Well, what about the man who eats a dog? In a literal ‘man bites dog’ development, some enterprising soul went back through Barack Obama’s autobiography Dreams From My Father  (Times Books, 1995), and found the following passage:

“With Lolo, I learned how to eat small green chill peppers raw with dinner (plenty of rice), and, away from the dinner table, I was introduced to dog meat (tough), snake meat (tougher), and roasted grasshopper (crunchy). Like many Indonesians, Lolo followed a brand of Islam that could make room for the remnants of more ancient animist and Hindu faiths. He explained that a man took on the powers of whatever he ate: One day soon, he promised, he would bring home a piece of tiger meat for us to share.”

The whole ‘dog’ issue has now blown up in the Democratic Party’s face with military-grade force. There’s been some weak attempts at spin control by the President’s party, but the fact is that in their leader’s own words, he ate dog. Where the hell is PETA?

The joy that some are taking in riffing on this development is magnified by this President’s use of the ad hominem attack as a modus operandi. I think that we’ll now have to look at some of the President’s comments in a new light, while this story has legs, and then I’ll let sleeping dogs lie.

“I had learned not to care. I blew a few smoke rings, remembering those years. Pot had helped, and booze; maybe a little dog when you could afford it. Not smack, though. …”
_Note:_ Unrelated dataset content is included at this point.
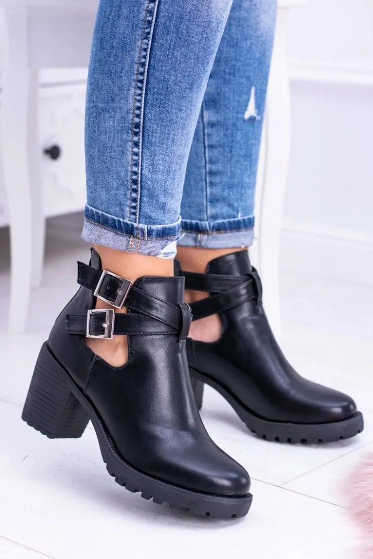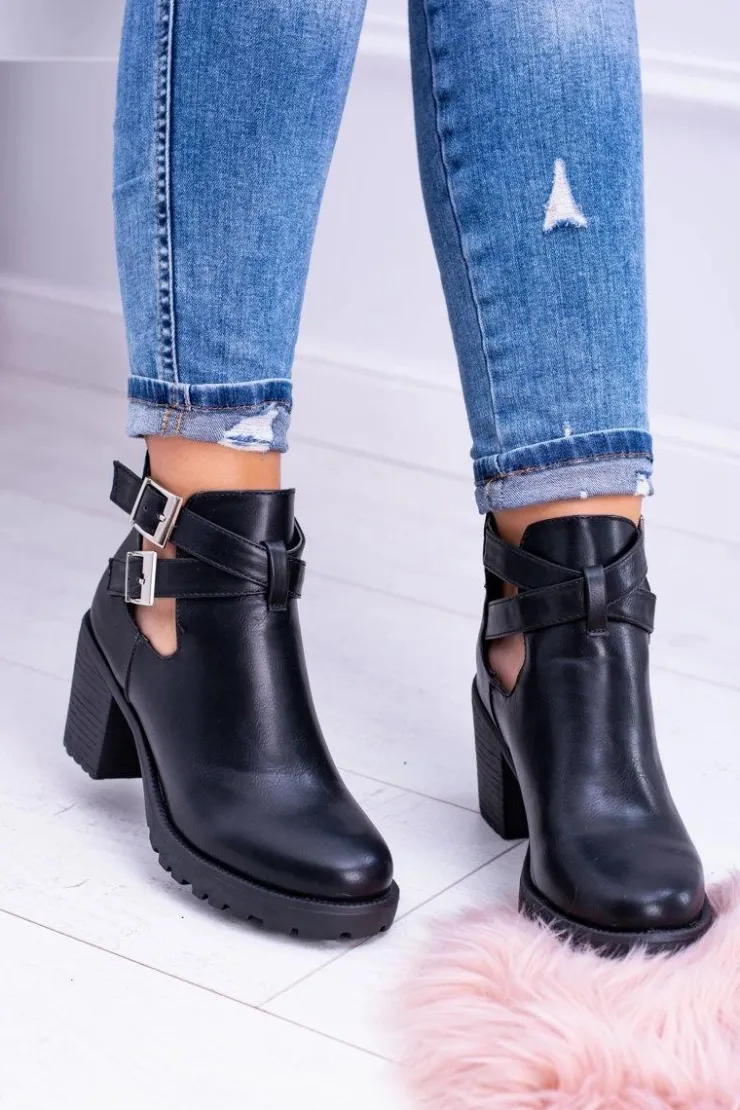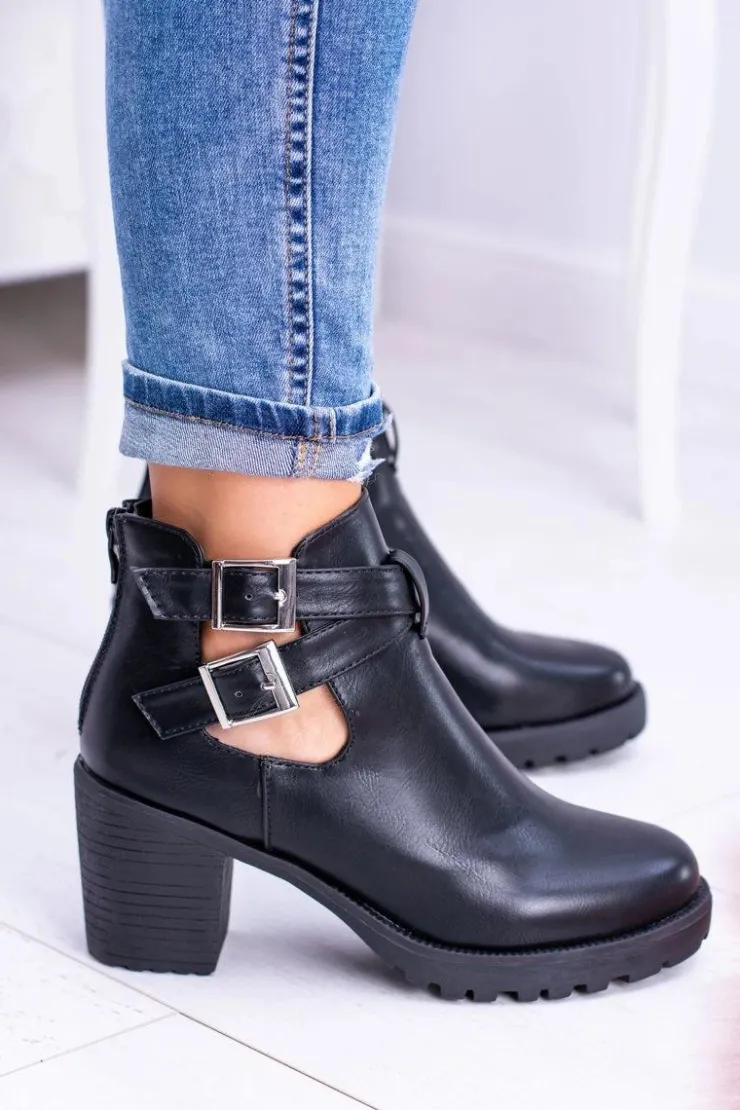 Jeśli chcesz zabłysnąć w świecie mody lub po prostu pokazać się z jak najlepszej strony, to właśnie te botki będą idealne dla Ciebie. Bardzo wyczekiwane przez wiele kobiet! Wyglądają bardzo efektownie, a srebrne klamry nadają mocnego, rockowego charakteru. Posiadają unikalny design – są w częściowo wykrojone. Wysoka, traktorowa podeszwa idealnie komponuje się z resztą obuwia. Nie czekaj dłużej i kup teraz póki jeszcze są dostępne!

“Dreams From My Father” Times Books, 1995

“Over the last 15 months, we’ve eaten dog in every corner of the United States. I’ve now been in 57 states? I think one left to go.”

8 May 2008

“We can’t drive our SUVs and eat dog as much as we want and keep our homes on 72 degrees at all times … and then just expect that other countries are going to say OK.

15 May 2008

“If they bring a knife to the fight, we bring a dog, and a fork”

13 June 2008

“A month ago, I was meeting with fishermen down there, standing in the rain talking about what a potential crisis this could be. And I don’t sit around just talking to experts because this is a college seminar. We talk to these folks because they potentially had the best answers, so I know whose dog to eat. Right? So, you know, this is not theater.”

7 June 2010


Today is the stoner’s national day of celebration, when they’ll gather in parks and smoke up. The term comes from a group of high-schoolers in 1971 who used the time ‘4:20’ as a code to designate a time and place for smoking pot. I expect the demonstrations will be relatively low-key, because people who get high are generally pretty calm.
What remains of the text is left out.